# What is expected:
No pictures belong in the copy. Retype exactly, and only, the stretch of lines below from the one with "Котировки сахара отыгрывают" through the one with "Via Santo Stefano".

Dataset entries:
╔══

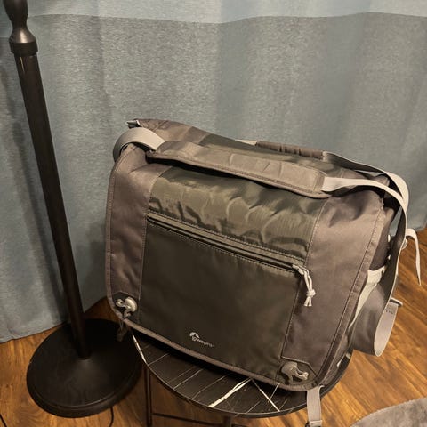 Vain kertaalleen Hetta-Pallaksen kävelytetty kameralaukku, jolla SLR:n saa nopeasti eteen käytettäväksi. Mukana kaikki hihnat ja erillinen objektiivikotelo. Tämän saa myös rinkkaan kiinni näppärästi.
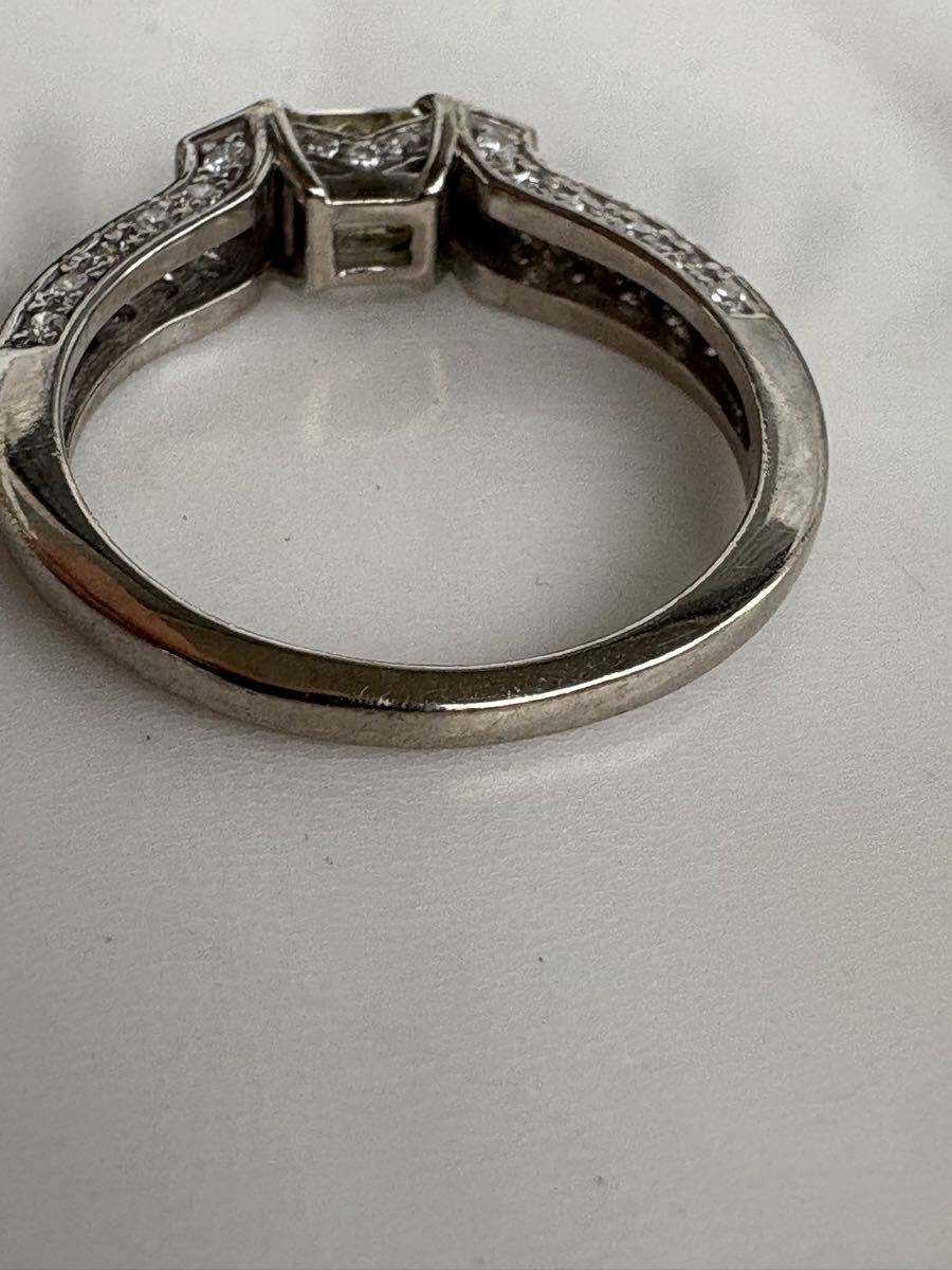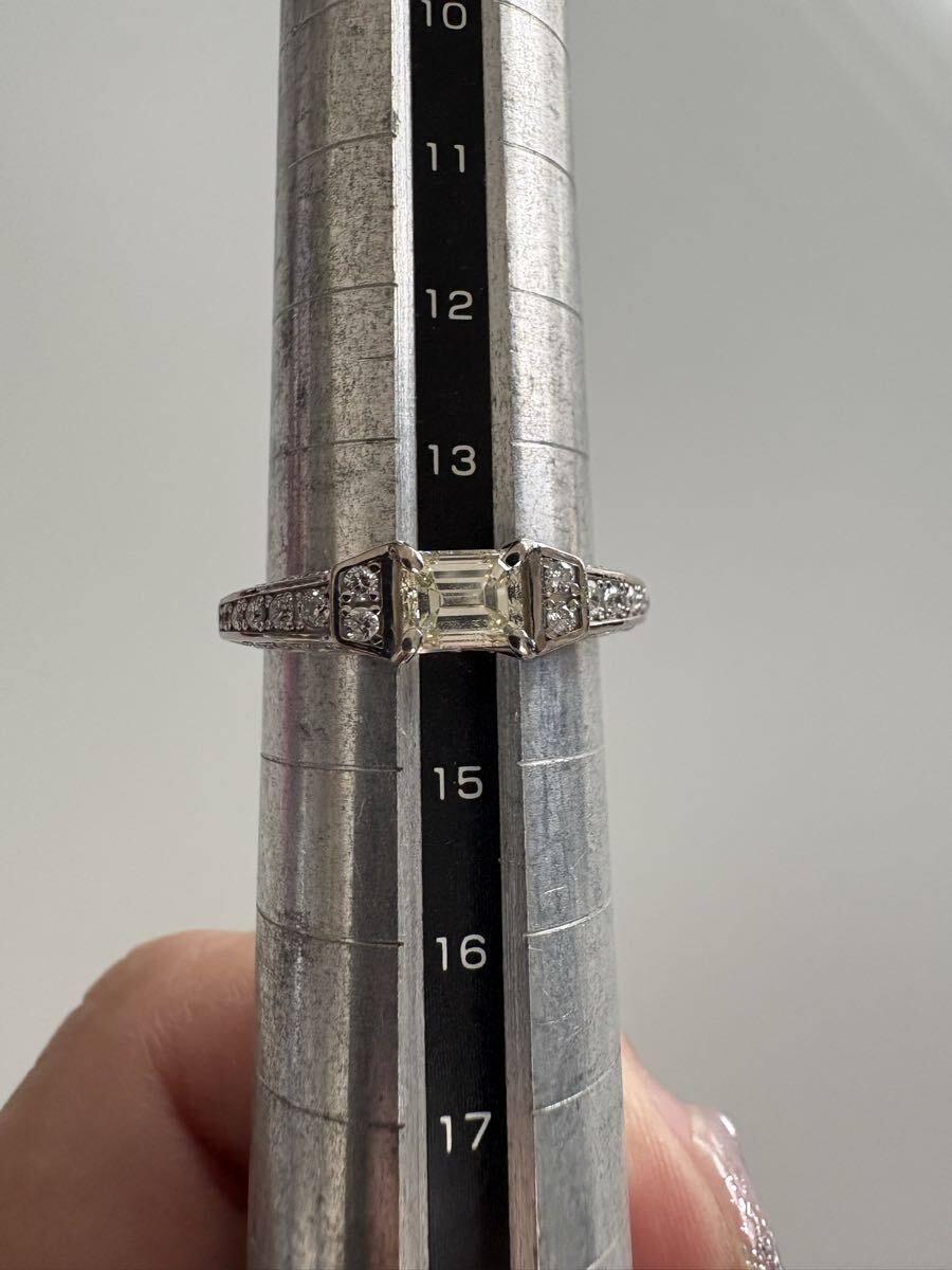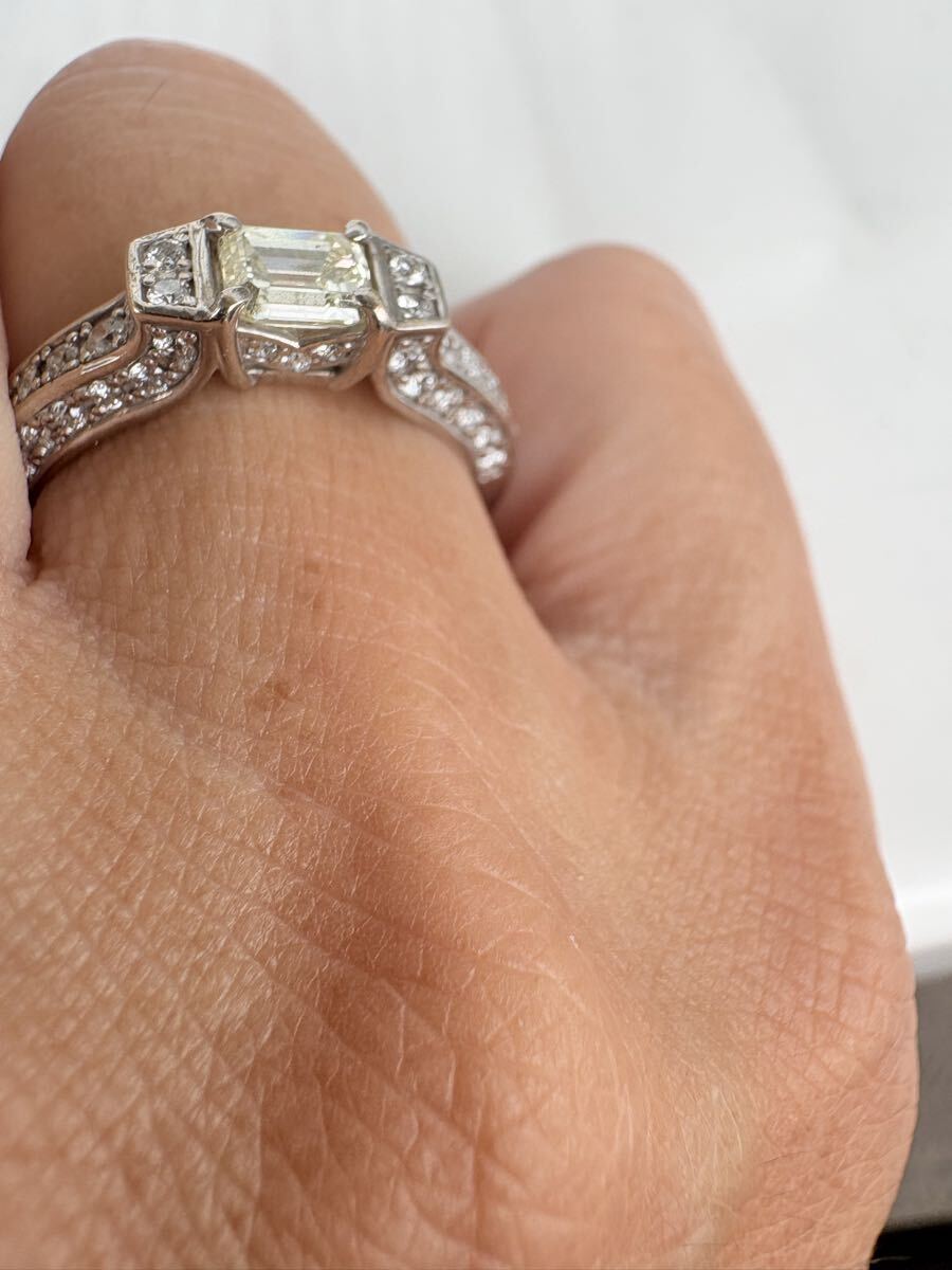 ホワイトゴールド素材に、中石0.518ctのライトイエローVS1の周り全体どこを見てもダイヤ0.41ctの品のあるゴージャスリングです
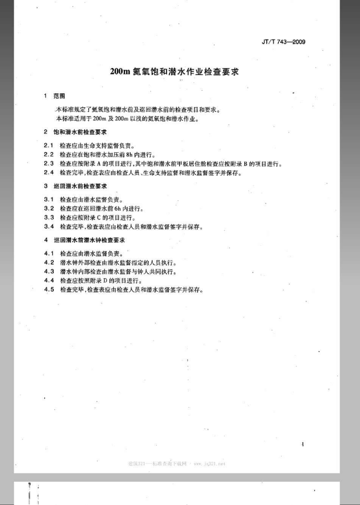 JT/T 743-2009 200m氦氧饱和潜水作业检查要求
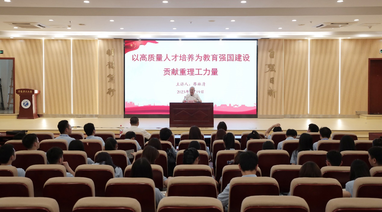 开班仪式后,廖林清为第一期“士继菁英”研究生骨干研修班学员讲授了“以高质量人才培养为教育强国建设贡献重理工力量”为题的专题党课。他围绕高等教育在建设教育强国中的作用、建设教育强国的重要任务、建设教育强国的根本抓手等三个方面,向学员们着重阐述了新时代高等教育面临的形势和新要求,用鲜活的事例、生动的语言向学员们详细介绍了学校发展历程,着重围绕党建和思想政治教育、学科对接产业、导师队伍建设、招生规模与生源质量、研究生培养能力、奖助体系功效、开放合作、人才培养质量等八个方面对学校学科建设与研究生教育发展情况进行了说明,并就“十四五”学校学科建设与研究生教育发展思路进行了重点讲解。
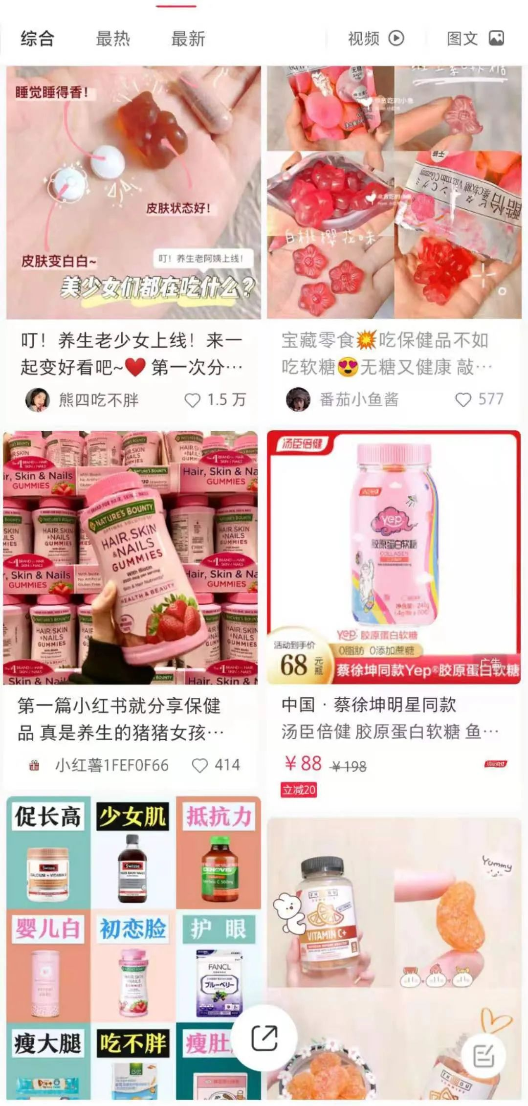 “只要长期吃,肯定有用啊。” 张媛是一位功能性食品的坚定拥护者,她坚持认为,功能性食品效果不能只看短期效果,要放长远看。“我觉得我吃了这些东西,身体素质要比前好多了。” 不像其他服用功能性食品的年轻人一样,在服用这些食品之前,张媛在身体上并没有过多不适,最多就是经常觉得很疲惫。“生活压力这么大,需要缓解疲劳。而且女孩子嘛,随着年龄越来越大,身体各个功能都需要保养啊。” 在小红书的安利下,张媛接触了功能性食品,她最开始购买的只是一些胶原蛋白营养品,“听说这个吃了对皮肤好。” 慢慢地,张媛被安利的功能性食品越来越多,现在每天服用的保健品有近十种,除了必备要吃的功能性食品外,还准备了褪黑素、牛磺酸片、护肝片、护眼片等只用于特定场合的功能性食品。
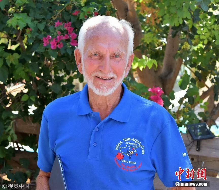 當(dāng)?shù)貢r間2018年9月1日,塞浦路斯,95歲的英國潛水員雷·伍利(Ray Woolley)以44分鐘下潛40.5米的成績打破了自己94歲達成的記錄(41分鐘下潛38.1米),二度刷新了世界上年齡最大的男性潛水員最好成績。在此次下潛中,這位二戰(zhàn)退伍老兵對距塞浦路斯南部城鎮(zhèn)拉納卡約2公里處的海域進行了探索,1980年一艘名為“芝諾比亞號”(Zenobia)的貨船在這里進行首次航行時沉沒。圖片來源:視覺中國
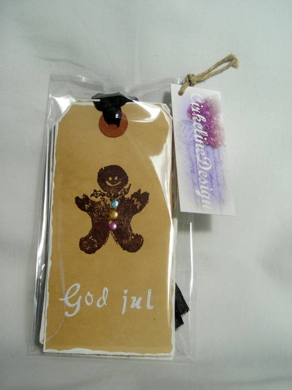Manilalappene er farget i kaffe for en vintage look. De er håndstemplet med en glad pepperkakemann i mørk brunt med sukkertøyfargede "knapper". "God jul" er stemplet med hvit embossing (forhøyning). Kantene er hvitmalte. På baksiden av lappene er det stemplet "Til" og "Fra", og det er god plass til å skrive en evt personlig hilsen. Sjokoladebrune sløyfebånd hører med.
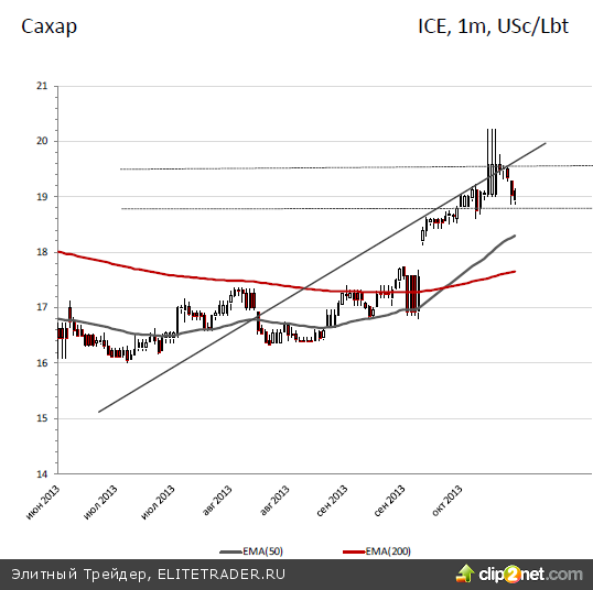 Котировки сахара отыгрывают коррекцию после стремительного роста на новостном фоне. В ближайшие дни возможно пробитие вниз 20-дневной EMA и в случае успеха - закрепление в районе 18,6-18,7 цента за фунт.
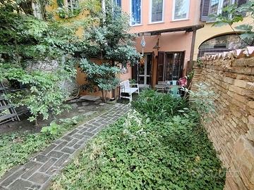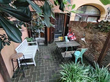Via Santo Stefano di fronte al portico del Baraccano (riconosciuto patrimonio Unesco), bilocale di 70 mq con suggestivo giardino privato di 55 mq sul quale affaccia l'ampia zona giorno.
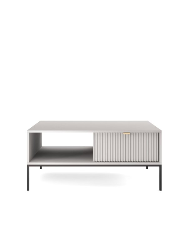 Predná časť stolíka je vyrobená z MDF dosky s hrúbkou 18 mm, čo mu dodáva eleganciu a štýl. Okraje sú zosilnené ABS plastom a hliníková úchytka dodáva stolíku moderný vzhľad. Nohy stolíka sú podopreté oceľovými rámami, ktoré boli práškovo lakované, čo zaisťuje ich trvanlivosť a stabilitu.

╚══

# Finished exercise:
 Котировки сахара отыгрывают коррекцию после стремительного роста на новостном фоне. В ближайшие дни возможно пробитие вниз 20-дневной EMA и в случае успеха - закрепление в районе 18,6-18,7 цента за фунт.
Via Santo Stefano di fronte al portico del Baraccano (riconosciuto patrimonio Unesco), bilocale di 70 mq con suggestivo giardino privato di 55 mq sul quale affaccia l'ampia zona giorno.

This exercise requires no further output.